The old, twisted, gum-embossed cherry tree survived every other
distinguishing feature of what was once the most picturesque and
romantic place in Vincennes. Just north of it stood, in the early
French days, a low, rambling cabin surrounded by rude verandas
overgrown with grapevines. This was the Roussillon place, the
most pretentious home in all the Wabash country. Its owner was
Gaspard Roussillon, a successful trader with the Indians. He was
rich, for the time and the place, influential to a degree, a man
of some education, who had brought with him to the wilderness
a bundle of books and a taste for reading.
From faded letters and dimly remembered talk of those who once
clung fondly to the legends and traditions of old Vincennes, it
is drawn that the Roussillon cherry tree stood not very far away
from the present site of the Catholic church, on a slight swell
of ground overlooking a wide marshy flat and the silver current
of the Wabash.
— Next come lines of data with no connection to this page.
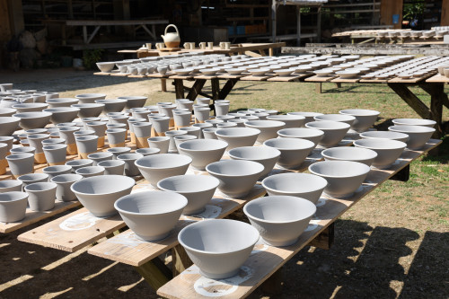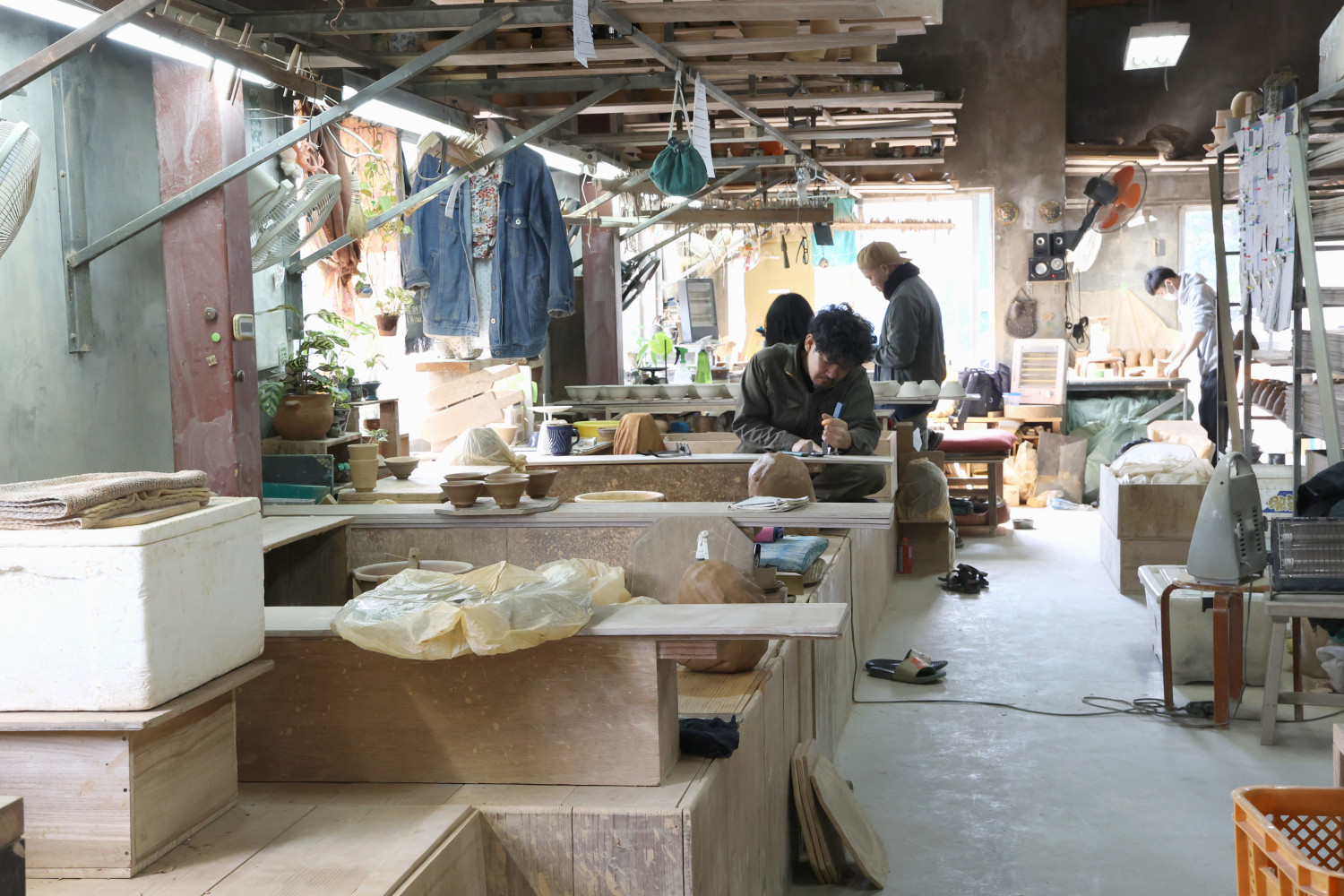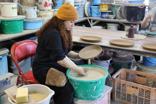 体験後、工房を見学させてもらいました。20以上の工程があり、分業制でそれぞれが自分の仕事に真摯に取り組んでいます。ロクロでさまざまな器の形を作る人、絵付けをする人、化粧掛けをする人、釉薬をかける人など。そして週に2回の窯焼きを経て、ようやく完成します。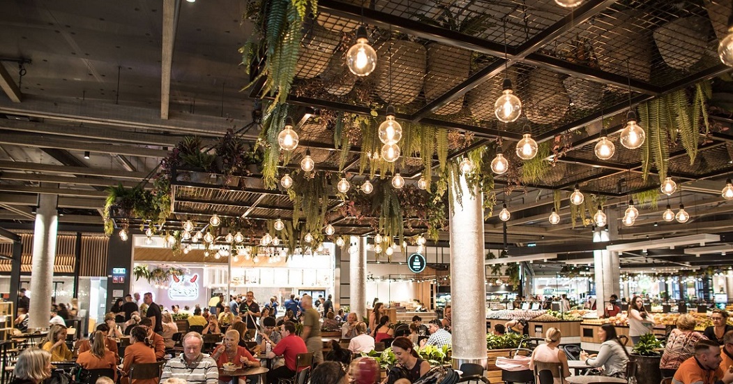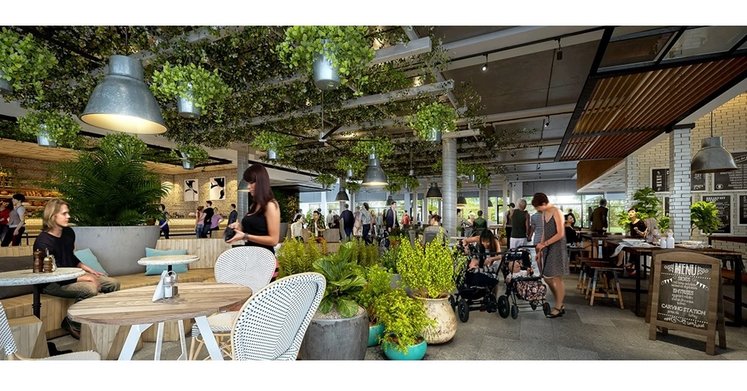 The shopping centre began as a blank canvas of ideas and was reimagined as a social infrastructure within the community. The idea was to create extraordinary places to connect and enrich the community through greenery, design and colour concepts. Natural stone, beachy tones and cool greys were used throughout the complex to achieve this.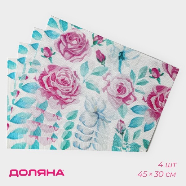 Салфетки сервировочные на стол Доляна «Бутоны», 4 шт., 45×30 см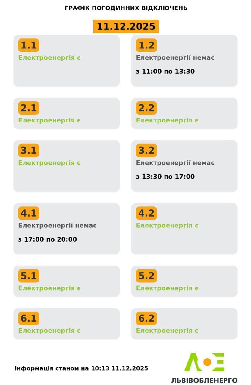 У Львові оновили графіки відключень світла на четвер, 11 грудня. Про це повідомили у «Львівобленерго».
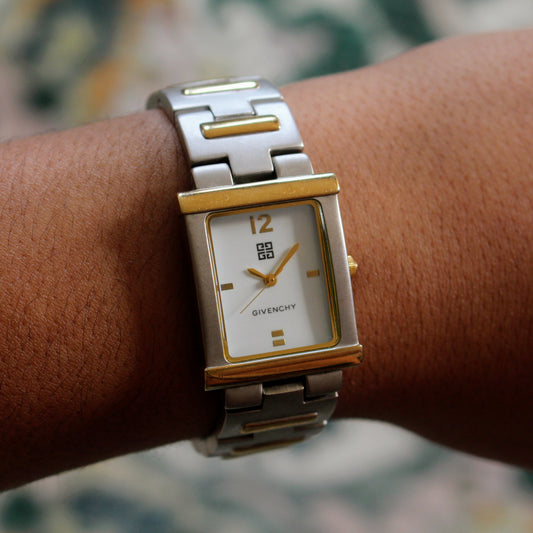 Vintage Givenchy Womens Ladies Two Tone Square Swiss Tank Style Watch - 1990s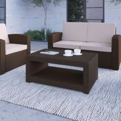 Merrick Lane All-Weather Poly Resin Wood Adirondack Style Deep Seat Patio Loveseat With Cushions
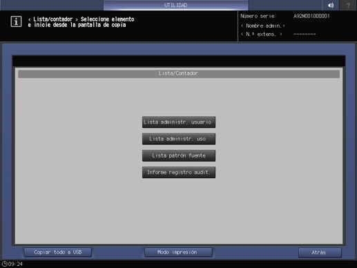 Pulse Configuración sistema en la pantalla Menú Configuración administrador máquina y, a continuación, pulse Lista/Contador.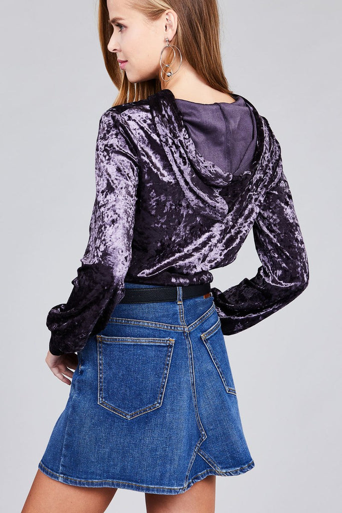Ladies fashion long sleeve hoodie w/drawstring ice velvet crop top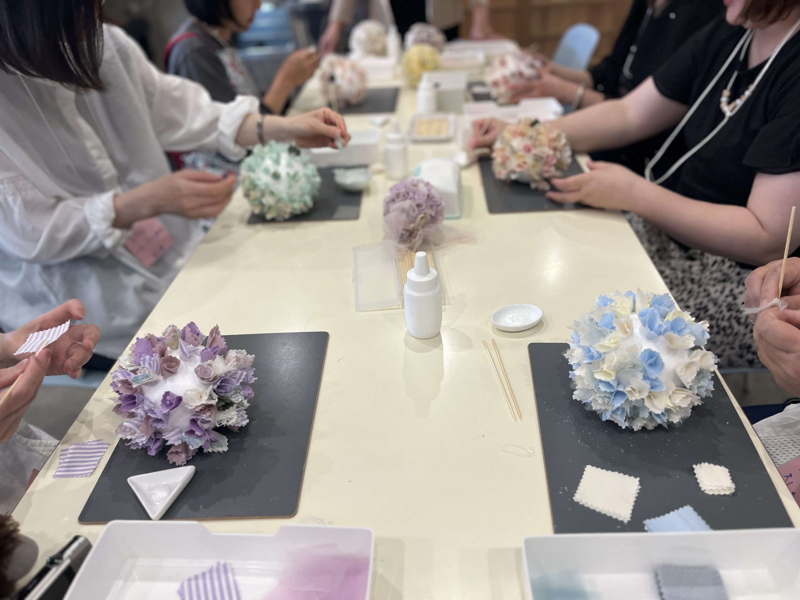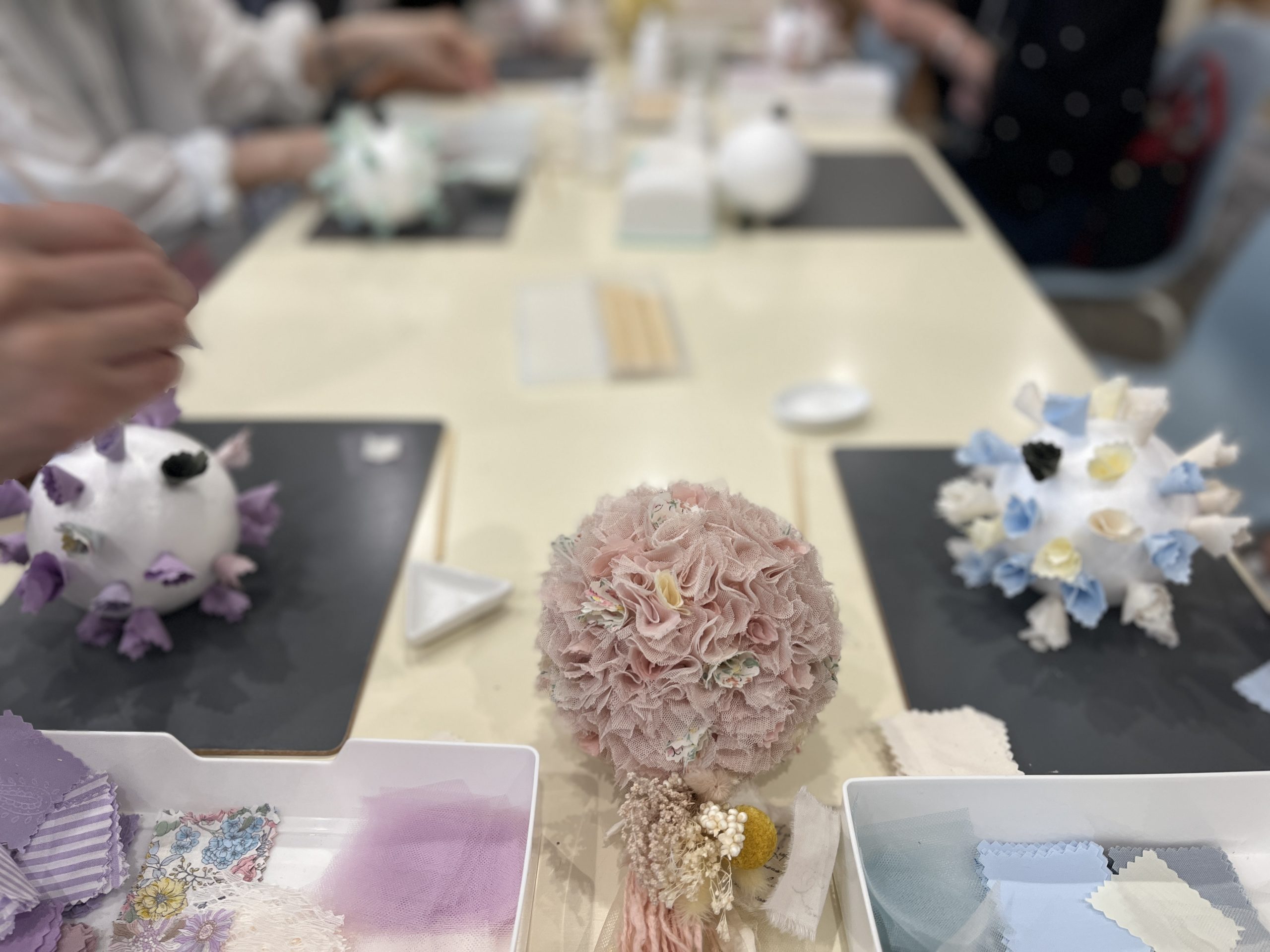 今回はmama+ということで、特別にチュールを多めに用意していただきました(*^-^*) 布リースを前に作ったことがあるけど、まん丸も作ってみたくて参加しましたというリピーターさまも参加されていました。

If the tree grew there, then there too stood the
Roussillon house with its cosy log rooms, its clay-daubed chimneys
and its grapevine-mantled verandas, while some distance away and
nearer the river the rude fort with its huddled officers' quarters
seemed to fling out over the wild landscape, through its squinting
and lopsided port-holes, a gaze of stubborn defiance.
Not far off was the little log church, where one good Father Beret,
or as named by the Indians, who all loved him, Father Blackrobe,
performed the services of his sacred calling; and scattered all
around were the cabins of traders, soldiers and woodsmen forming
a queer little town, the like of which cannot now be seen anywhere
on the earth.
It is not known just when Vincennes was first founded; but most
historians make the probable date very early in the eighteenth
century, somewhere between 1710 and 1730. In 1810 the Roussillon
cherry tree was thought by a distinguished botanical letter- writer
to be at least fifty years old, which would make the date of its
planting about 1760. Certainly as shown by the time-stained family
records upon which this story of ours is based, it was a flourishing
and wide-topped tree in early summer of 1778, its branches loaded
to drooping with luscious fruit. So low did the dark red clusters
hang at one point that a tall young girl standing on the ground
easily reached the best ones and made her lips purple with their
juice while she ate them.
That was long ago, measured by what has come to pass on the gentle
swell of rich country from which Vincennes overlooks the Wabash.
The new town flourishes notably and its appearance marks the latest
limit of progress. Electric cars in its streets, electric lights
in its beautiful homes, the roar of railway trains coming and
going in all directions, bicycles whirling hither and thither,
the most fashionable styles of equipages, from brougham to pony-
phaeton, make the days of flint-lock guns and buckskin trousers
seem ages down the past; and yet we are looking back over but
a little more than a hundred and twenty years to see Alice Roussillon
standing under the cherry tree and holding high a tempting cluster
of fruit, while a very short, hump-backed youth looks up with
longing eyes and vainly reaches for it. The tableau is not merely
rustic, it is primitive. "Jump!" the girl is saying
in French, "jump, Jean; jump high!"
Yes, that was very long ago, in the days when women lightly braved
what the strongest men would shrink from now.
Alice Roussillon was tall, lithe, strongly knit, with an almost
perfect figure, judging by what the master sculptors carved for
the form of Venus, and her face was comely and winning, if not
absolutely beautiful; but the time and the place were vigorously
indicated by her dress, which was of coarse stuff and simply designed.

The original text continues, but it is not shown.